Court Rules Obamacare Birth Control Mandate Unconstitutional
November 1, 2013 - 1:27 pm
The DC Court of Appeals struck down the birth control mandate in Obamacare, saying it would place an undue burden on businesses who object to the mandate on religious grounds.
The D.C. Circuit Court of Appeals — the second most influential bench in the land behind the Supreme Court — ruled 2-1 in favor of business owners who are fighting the requirement that they provide their employees with health insurance that covers birth control.
Requiring companies to cover their employees’ contraception, the court ruled, is unduly burdensome for business owners who oppose birth control on religious grounds, even if they are not purchasing the contraception directly.
“The burden on religious exercise does not occur at the point of contraceptive purchase; instead, it occurs when a company’s owners fill the basket of goods and services that constitute a healthcare plan,” Judge Janice Rogers Brown wrote on behalf of the court.
Legal analysts expect the Supreme Court to ultimately pick up an appeal on the birth-control requirement and make a final decision on its constitutionality.
In the meantime, Republicans in Congress have pushed for a conscience clause that would allow employers to opt out of providing contraception coverage for moral or religious reasons.

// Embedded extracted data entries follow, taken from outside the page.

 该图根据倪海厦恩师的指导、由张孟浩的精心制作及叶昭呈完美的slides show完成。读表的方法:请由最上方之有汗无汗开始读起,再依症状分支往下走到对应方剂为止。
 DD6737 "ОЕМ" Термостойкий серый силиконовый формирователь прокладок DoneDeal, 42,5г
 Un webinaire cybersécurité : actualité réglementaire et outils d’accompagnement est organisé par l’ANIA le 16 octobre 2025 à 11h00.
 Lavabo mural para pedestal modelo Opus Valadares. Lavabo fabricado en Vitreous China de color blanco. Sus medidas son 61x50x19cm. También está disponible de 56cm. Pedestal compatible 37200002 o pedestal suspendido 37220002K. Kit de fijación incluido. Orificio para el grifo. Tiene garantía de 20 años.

The measure emerged most recently during negotiations to fund the federal government. Some House Republicans wanted to include the conscience clause in a legislative package ending the government shutdown.

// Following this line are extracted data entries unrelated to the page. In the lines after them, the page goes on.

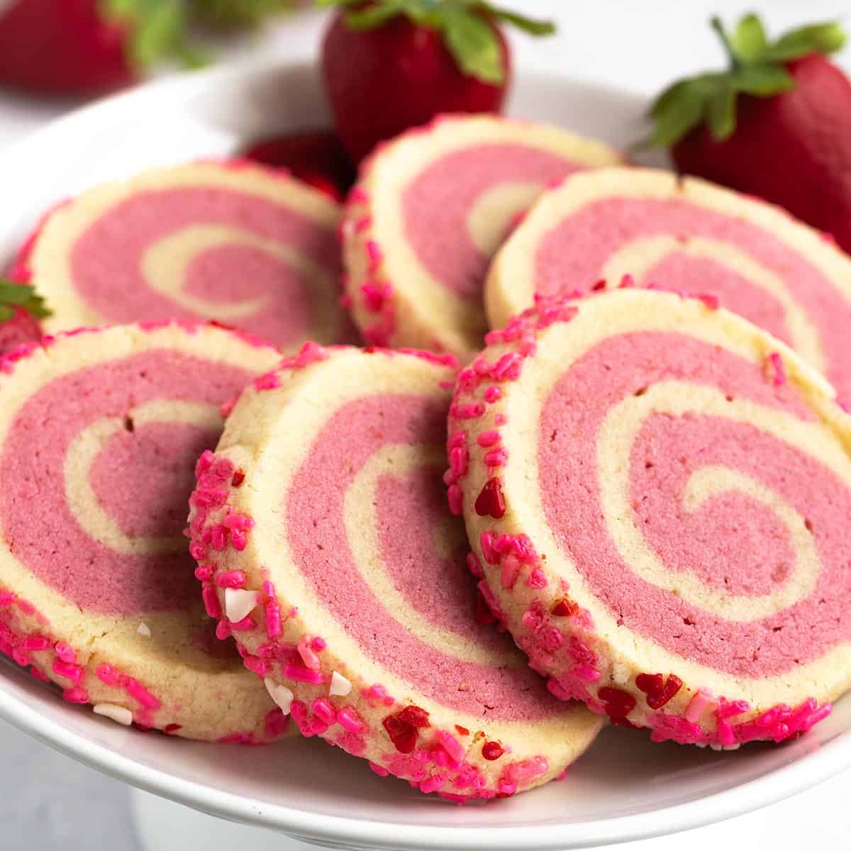 Soft and tender sugar cookies made with vanilla and strawberry dough rolled together for a classic pinwheel swirl. These cookies are lightly sweet, easy to slice, and perfect for Valentine's Day or any time you want a pretty, bakery-style cookie.
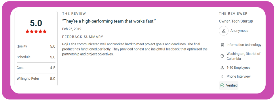 Since launching in 2014, Goji Labs has built 400+ digital products and helped clients raise over $1 billion in collective funding. Their approach combines product strategy consulting with design and development, which means they'll challenge your assumptions and validate your market hypotheses before writing code.
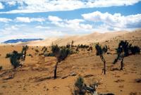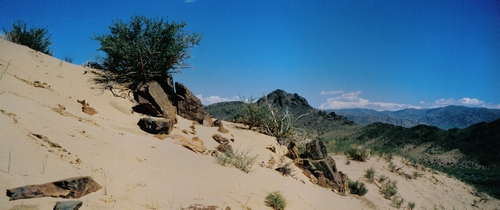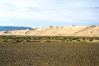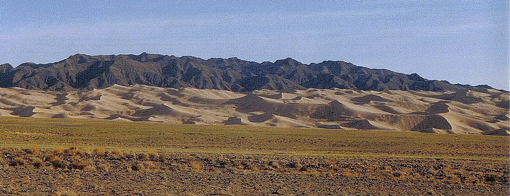 Ein landschaftliches Kontrastprogramm ist aber garantiert, auf einer Reise um den westlichen Changai, nachdem die Jurten der Viehzüchter auf satt grünen Wiesen so richtig den landläufigen Vorstellungen von Mongolei entsprechen könnten, liegt der abendliche Lagerplatz wieder inmitten von hohen Sanddünen die durch von Wüstenlack überzogene Felsspitzen durchbohrt werden, der Mongol Els ist erreicht, das größte und geheimnisvollste Sandgebiet der Mongolei. Zwischen diesen Sandbergen versickern die Flüsse des Changai oder sie magern zumindest ab, bis sie im Nord- Westen endgültig in einem der großen Salzseen ihren Lauf beenden.
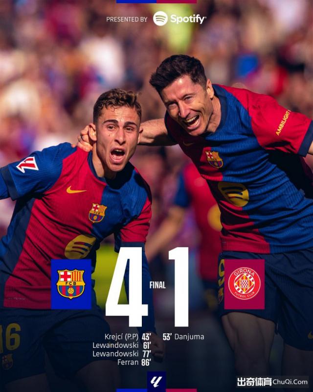 西甲-巴萨4-1连杀赫罗纳&3分领先,莱万双响亚马尔造乌龙。
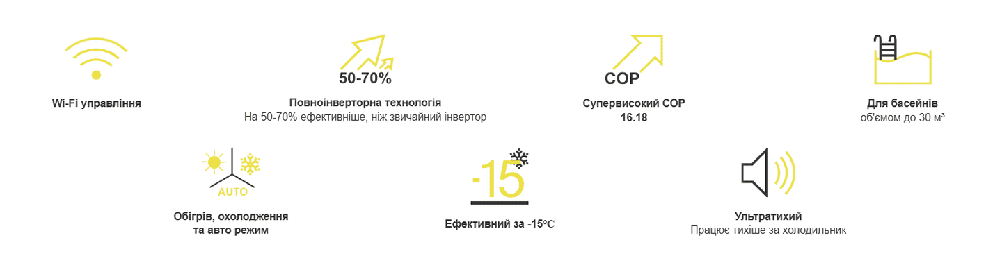 Працює з максимальним коефіцієнтом продуктивності: COP 16.18, що забезпечує ефективність та економію енергії під час обігріву або охолодження води у басейні.
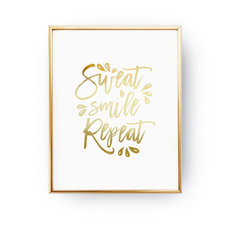 Sweat Smile Repeat Dorm Wall Decor Real Gold Foil Fitness Room Gym Decor Workout Quote Workout Routine Typography Print Home Decor
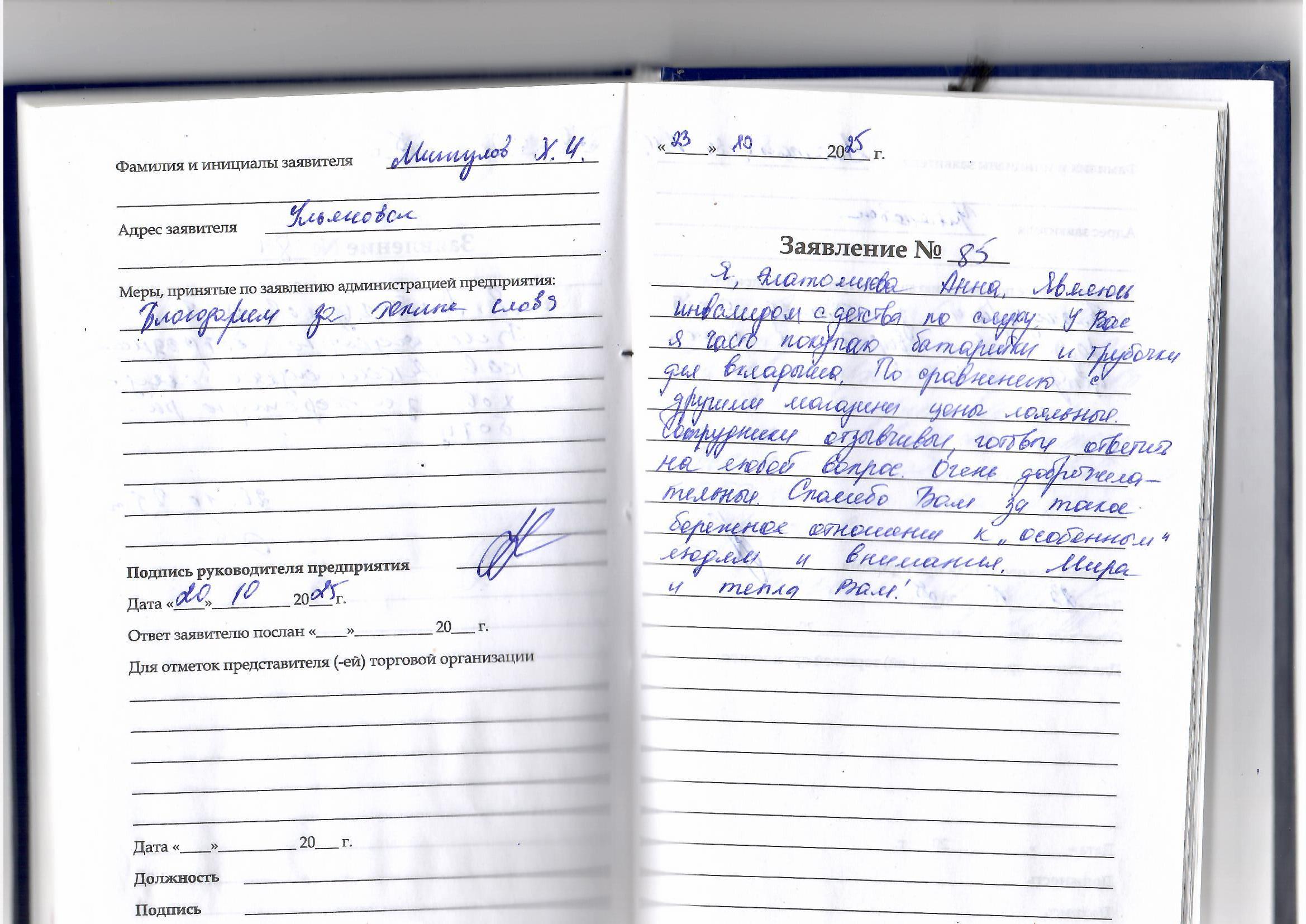 Я, Элатомцева Анна, являюсь инвалидом с детства по слуху. У Вас я часто покупаю батарейки и трубочки для вкладыша. По сравнению с другими магазинами цены лояльные. Сотрудники отзывчивые, готовые ответить на любой вопрос. Очень доброжелательные. Спасибо Вам за такое бережное отношение к "особенным" людям и внимания. Мира и тепла Вам!
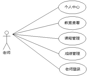 图3.6即为老师用例图,老师权限操作的功能包括查看教室,管理课程,管理选课,管理成绩等。

The split ruling against the government on Friday was the latest in a string of court cases challenging the healthcare law’s mandate.

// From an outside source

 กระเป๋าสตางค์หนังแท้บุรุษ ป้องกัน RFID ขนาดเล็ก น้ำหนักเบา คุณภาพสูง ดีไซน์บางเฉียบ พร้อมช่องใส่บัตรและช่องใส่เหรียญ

Friday’s ruling centered on two Catholic brothers, Francis and Philip Gilardi, who own a 400-person produce company based in Ohio.
The brothers oppose contraception as part of their religion and challenged the Affordable Care Act provision requiring them to provide insurance that covers their employees’ birth control.
Refusing to abide by the letter of the law, they said, would result in a $14 million fine.
“They can either abide by the sacred tenets of their faith, pay a penalty of over $14 million, and cripple the companies they have spent a lifetime building, or they become complicit in a grave moral wrong,” Brown wrote.
A “grave moral wrong” and perhaps sounding the death knell for the mandate, the appeals court said that the government failed to make it’s case that birth control was a “right” that supersedes an individual’s conscience:
Brown wrote that “it is clear the government has failed to demonstrate how such a right — whether described as noninterference, privacy, or autonomy — can extend to the compelled subsidization of a woman’s procreative practices.”
She added that denying coverage of contraception would not undermine the Affordable Care Act’s requirements that health insurance provide preventative care.
The case will almost certainly be appealed to the Supreme Court. But if one of the most liberal appeals courts in the country can reach this kind of decision, it’s hard to see how the Supreme Court and it’s current narrow conservative majority can overturn it.